## Extracted records
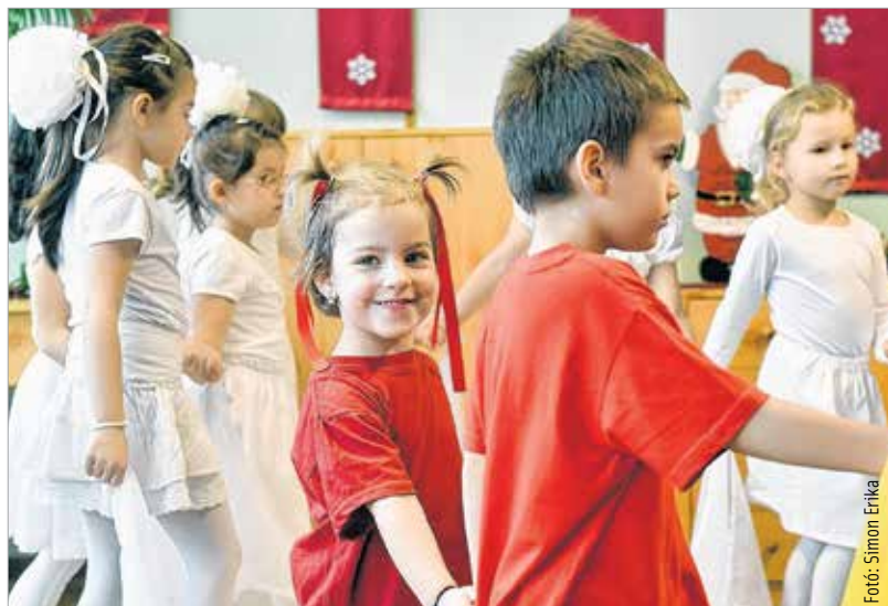
Hópihe és tűztánc – a nagycsoportosok műsorral kedveskedtek a vendégeknek a jubileum alkalmából
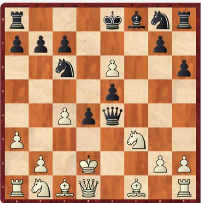
Diagram 4: Černý na tahu vyhraje

Po 2...Kxd7 3.Sf5+ Ke8 4.Sd7+ Kf8 dá bílý 5.Sxe7 mat.
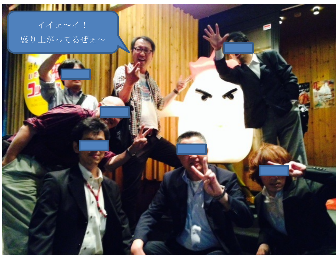
【月曜日というのにかなり出来上がってしまった懇親会】

その他諸々話し合いましたが、何せ今回は長丁場。ここらでお許し下さい。そしてお待ちかねの懇親会。
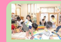
親子でほんわか交流
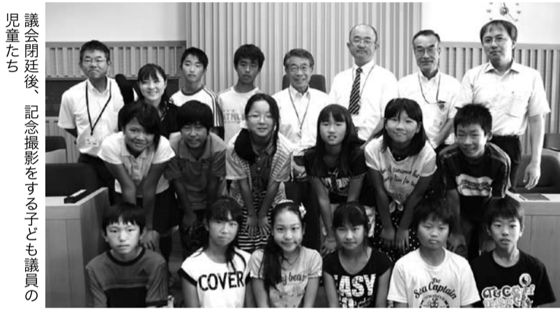
議会閉会後、記念撮影をする子ども議員の児童たち

となり他の児童は2人1組で順番に登壇し、通常の町議会と同じ形式で質疑応答を行いました。質疑では児童に身近な教育関係から福祉関係、商業振興、道路改修、防災対策など幅広く質問や提案がありました。
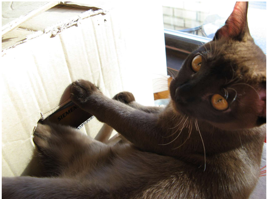
„Emmie, was machst du da?“ - „Öh, nūx!“
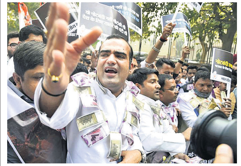
ଦିଲ୍ଲୀରେ ମୁକ୍ତ କଂଗ୍ରେସ ପକ୍ଷରୁ ବିପ୍ରାକରଣ ବିରୋଧରେ ବିକ୍ଷୋଭ ପ୍ରଦର୍ଶନ କରାଯାଇଛି।

ଶ୍ରୀନଗର, ୮୧୧: ଜମ୍ମୁ-କଶ୍ମୀରର ଅନନ୍ତନଗ ଜିଲ୍ଲାରେ ଯୋଗଦାନ କଲେ ଲକ୍ଷ୍ମୀ-୧-ତୋରଣ ଆତଙ୍କବାଦୀଙ୍କୁ ଗିରଫ କରାଯିବା ସହ ତାଙ୍କ ନିକଟରୁ ଅସ୍ତ୍ରଶସ୍ତ୍ର ଜବତ ହୋଇଛି।
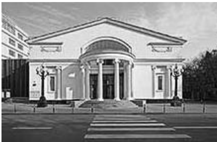
Рис. 4. Будинок кінотеатру «Колізей» в Москві. Арх Р.І. Клейн, 1913 – 1914 рр.

архітектурі кінематографа (будівля кінотеатру «Асамблея» А.Е. Медведєва в Петербурзі (арх. Ф.А. Корзухин, 1913 р.), будівля московської хоральної синагоги (арх. С.С. Ейбушиц, 1886 р.) театру в Ярославлі (арх. Н.О. Спірін, 1915 г.), нового кам'яного театру в Ялті (арх. Л.М. Шаповалов, 1908 р.), кінотеатру «Колізей» в Москві (арх. Р.І. Клейн, рис. 4).
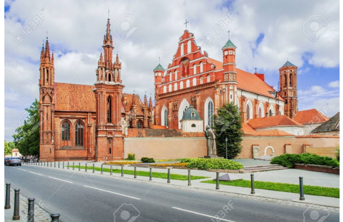
Šv. Onos bažnyčia ir Bernardinų vienuolyno pastatai.

Praėjusią vasarą Bernardinų vienuolyną aplankė mokinės iš Prancūzijos . Joms labai patiko „Šventųjų laiptų“ koplyčia. Jos būtinai norėjo „Šventaisiais laiptais“ užlipti ant kelių.
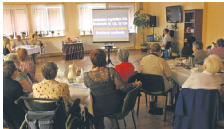
Uczestnicy z biegiem czasu coraz śmielej bawili się podczas imprezy.
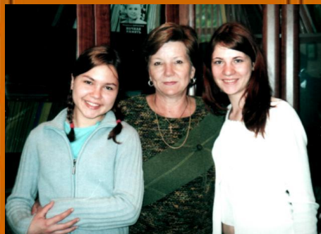
директор гимназии №3 2004 г.
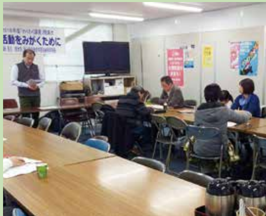
長久事務局長から今後の組合活動の助けになるお言葉をいただきました

2019年度のわくわく講座は7月7日に開講式を行ったのに引き続き、9月15日・10月5日・12月15日と講師に下関市立大学関野教授を 招いてスクーリングを行ってきました。そして1月12日に締めくくりとなる閉講式を、岡山県労働者学習協会長久事務局長を招き行いました。
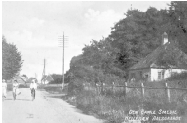
Postkort fra ca. 1900. D-2191.

En søndag eftermiddag kom en københavnsk herre kørende gennem Ålsgårde, da hans hest tabte en sko. Han holdt stille ved smedjen for at få en ny sko slået på hesten. Da arbejdet var færdigt, spurgte københavneren, hvad det kostede. "35 øre", svarede

## YOUR OBJECTIVE
With the pictures removed, copy the data above word for word.

## RESPONSE TO THIS EXERCISE
Hópihe és tűztánc – a nagycsoportosok műsorral kedveskedtek a vendégeknek a jubileum alkalmából
Diagram 4: Černý na tahu vyhraje

Po 2...Kxd7 3.Sf5+ Ke8 4.Sd7+ Kf8 dá bílý 5.Sxe7 mat.
【月曜日というのにかなり出来上がってしまった懇親会】

その他諸々話し合いましたが、何せ今回は長丁場。ここらでお許し下さい。そしてお待ちかねの懇親会。
親子でほんわか交流
議会閉会後、記念撮影をする子ども議員の児童たち

となり他の児童は2人1組で順番に登壇し、通常の町議会と同じ形式で質疑応答を行いました。質疑では児童に身近な教育関係から福祉関係、商業振興、道路改修、防災対策など幅広く質問や提案がありました。
„Emmie, was machst du da?“ - „Öh, nūx!“
ଦିଲ୍ଲୀରେ ମୁକ୍ତ କଂଗ୍ରେସ ପକ୍ଷରୁ ବିପ୍ରାକରଣ ବିରୋଧରେ ବିକ୍ଷୋଭ ପ୍ରଦର୍ଶନ କରାଯାଇଛି।

ଶ୍ରୀନଗର, ୮୧୧: ଜମ୍ମୁ-କଶ୍ମୀରର ଅନନ୍ତନଗ ଜିଲ୍ଲାରେ ଯୋଗଦାନ କଲେ ଲକ୍ଷ୍ମୀ-୧-ତୋରଣ ଆତଙ୍କବାଦୀଙ୍କୁ ଗିରଫ କରାଯିବା ସହ ତାଙ୍କ ନିକଟରୁ ଅସ୍ତ୍ରଶସ୍ତ୍ର ଜବତ ହୋଇଛି।
Рис. 4. Будинок кінотеатру «Колізей» в Москві. Арх Р.І. Клейн, 1913 – 1914 рр.

архітектурі кінематографа (будівля кінотеатру «Асамблея» А.Е. Медведєва в Петербурзі (арх. Ф.А. Корзухин, 1913 р.), будівля московської хоральної синагоги (арх. С.С. Ейбушиц, 1886 р.) театру в Ярославлі (арх. Н.О. Спірін, 1915 г.), нового кам'яного театру в Ялті (арх. Л.М. Шаповалов, 1908 р.), кінотеатру «Колізей» в Москві (арх. Р.І. Клейн, рис. 4).
Šv. Onos bažnyčia ir Bernardinų vienuolyno pastatai.

Praėjusią vasarą Bernardinų vienuolyną aplankė mokinės iš Prancūzijos . Joms labai patiko „Šventųjų laiptų“ koplyčia. Jos būtinai norėjo „Šventaisiais laiptais“ užlipti ant kelių.
Uczestnicy z biegiem czasu coraz śmielej bawili się podczas imprezy.
директор гимназии №3 2004 г.
長久事務局長から今後の組合活動の助けになるお言葉をいただきました

2019年度のわくわく講座は7月7日に開講式を行ったのに引き続き、9月15日・10月5日・12月15日と講師に下関市立大学関野教授を 招いてスクーリングを行ってきました。そして1月12日に締めくくりとなる閉講式を、岡山県労働者学習協会長久事務局長を招き行いました。
Postkort fra ca. 1900. D-2191.

En søndag eftermiddag kom en københavnsk herre kørende gennem Ålsgårde, da hans hest tabte en sko. Han holdt stille ved smedjen for at få en ny sko slået på hesten. Da arbejdet var færdigt, spurgte københavneren, hvad det kostede. "35 øre", svarede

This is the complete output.